◆ **Given information**
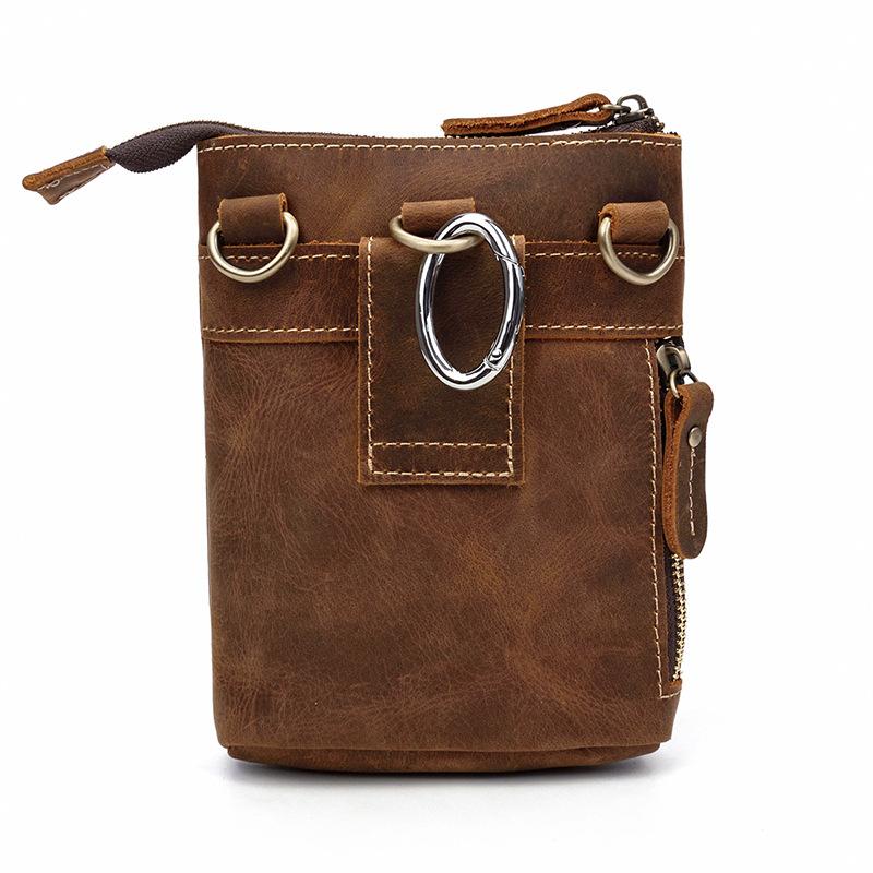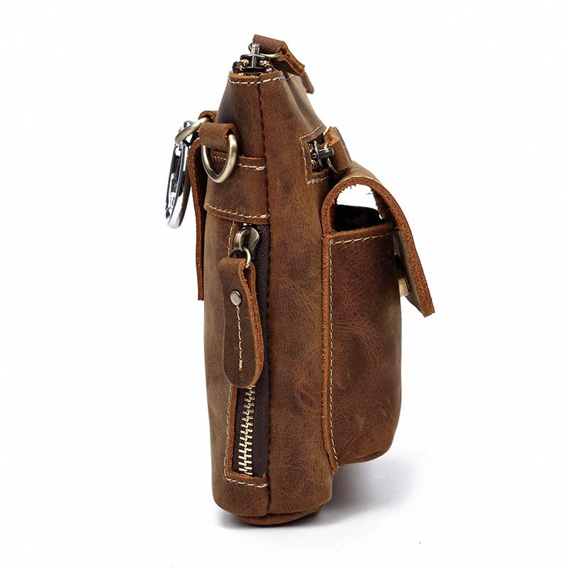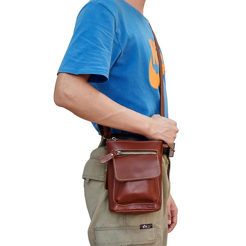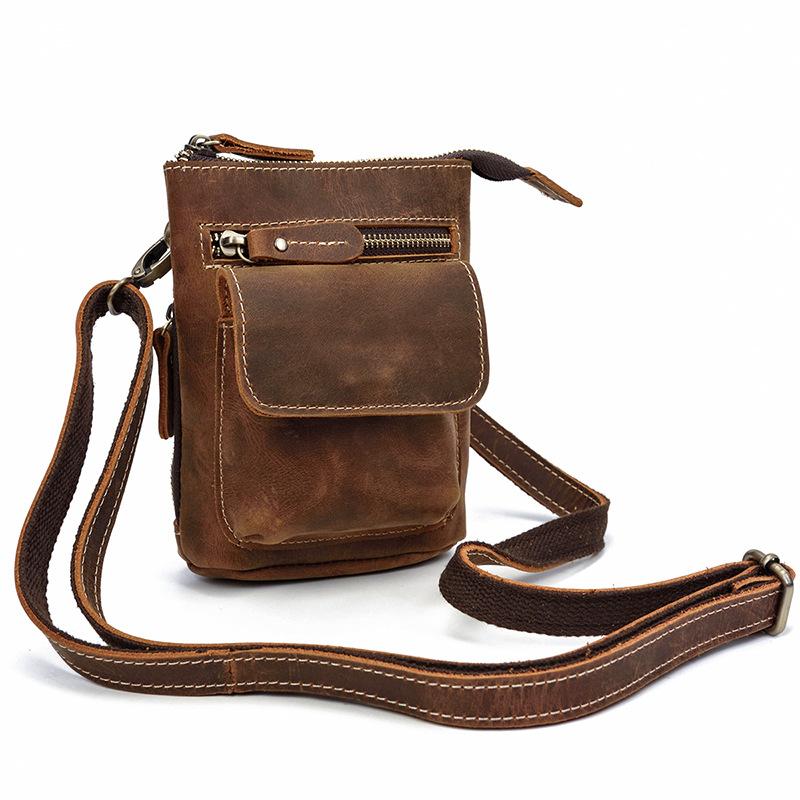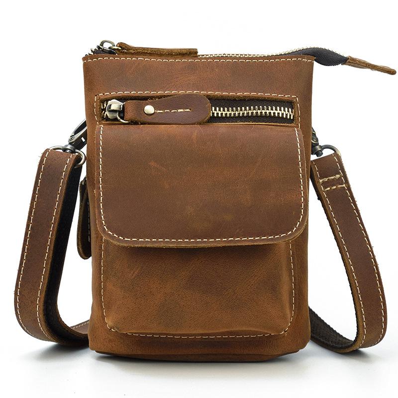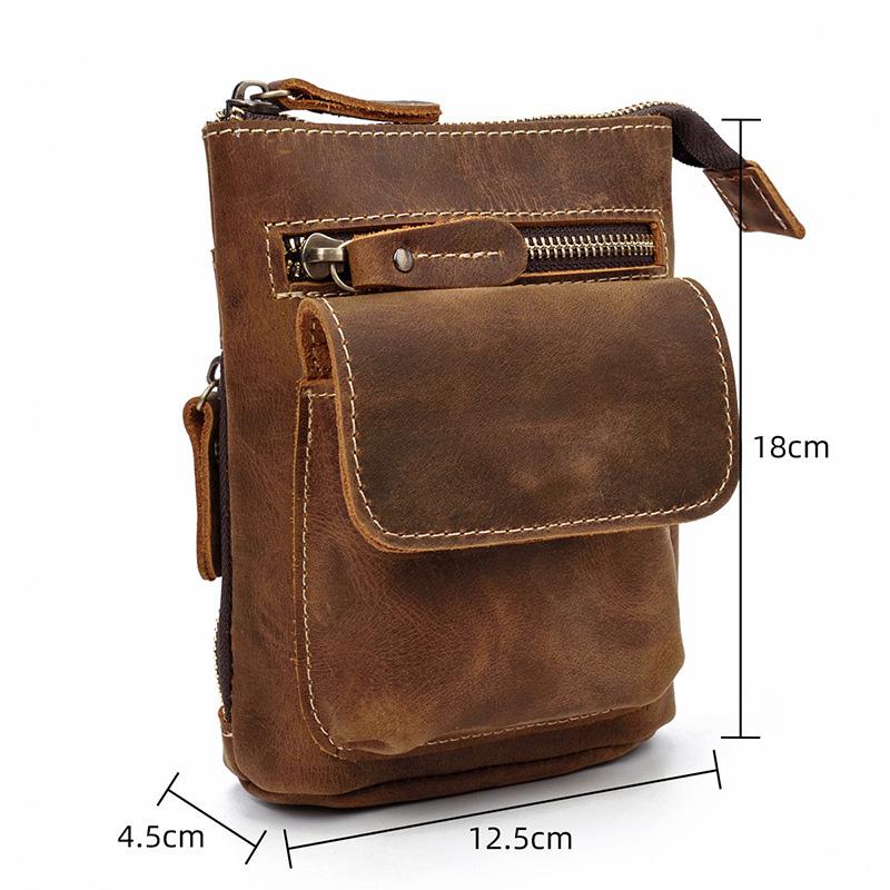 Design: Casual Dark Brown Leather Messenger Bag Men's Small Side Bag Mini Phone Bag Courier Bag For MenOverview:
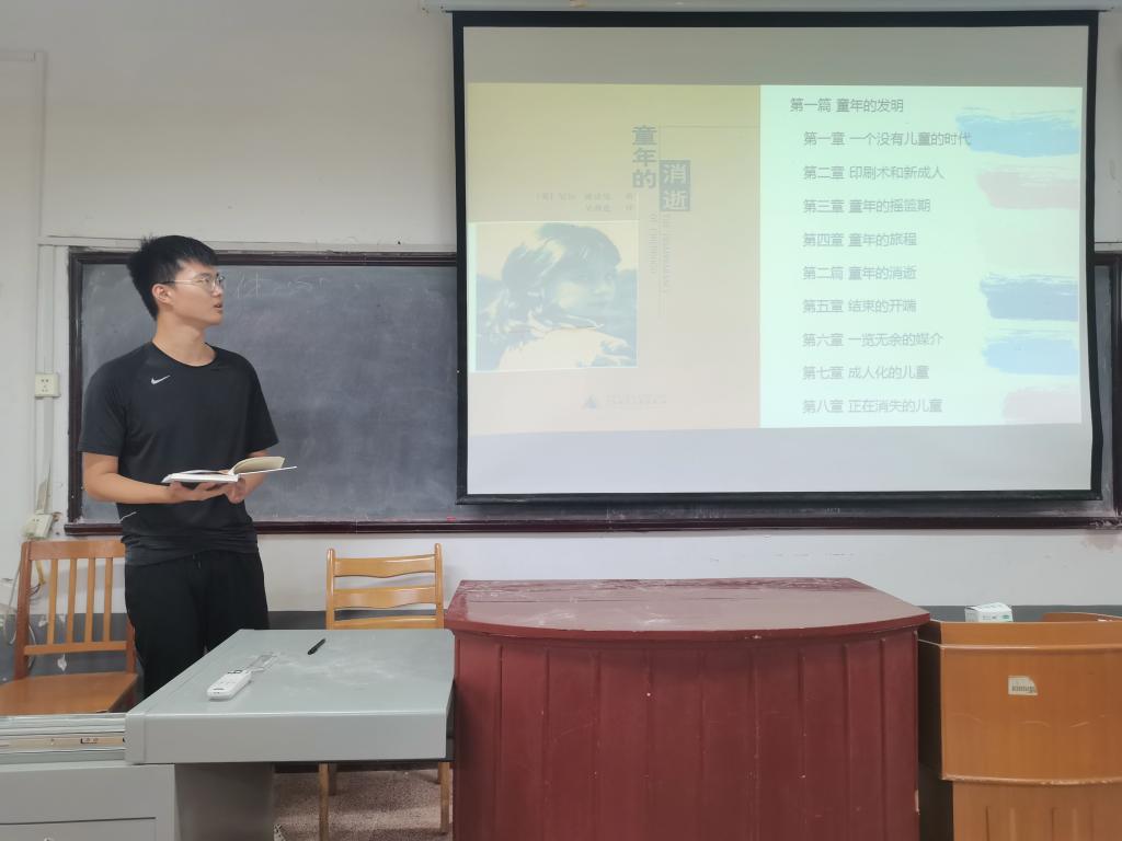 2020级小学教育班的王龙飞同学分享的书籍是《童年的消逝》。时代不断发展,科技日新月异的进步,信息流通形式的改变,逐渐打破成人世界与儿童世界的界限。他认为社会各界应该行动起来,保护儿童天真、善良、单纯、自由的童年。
* * *
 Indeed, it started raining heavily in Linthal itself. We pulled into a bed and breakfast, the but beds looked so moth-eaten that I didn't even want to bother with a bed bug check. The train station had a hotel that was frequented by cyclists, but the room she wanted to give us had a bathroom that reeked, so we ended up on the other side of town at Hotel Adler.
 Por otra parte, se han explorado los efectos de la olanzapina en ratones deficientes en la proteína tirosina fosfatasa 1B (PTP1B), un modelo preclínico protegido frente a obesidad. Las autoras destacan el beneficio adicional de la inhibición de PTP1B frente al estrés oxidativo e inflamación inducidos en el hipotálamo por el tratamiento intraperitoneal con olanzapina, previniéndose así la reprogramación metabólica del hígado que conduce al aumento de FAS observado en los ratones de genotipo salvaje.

◆ **Work required**
Each line between the one holding "Design: Casual Dark" and the one holding "2020级小学教育班的王龙飞", inclusive, should be copied exactly as it appears above, and pictures should be omitted.

◆ **Worked solution**
 Design: Casual Dark Brown Leather Messenger Bag Men's Small Side Bag Mini Phone Bag Courier Bag For MenOverview:
 2020级小学教育班的王龙飞同学分享的书籍是《童年的消逝》。时代不断发展,科技日新月异的进步,信息流通形式的改变,逐渐打破成人世界与儿童世界的界限。他认为社会各界应该行动起来,保护儿童天真、善良、单纯、自由的童年。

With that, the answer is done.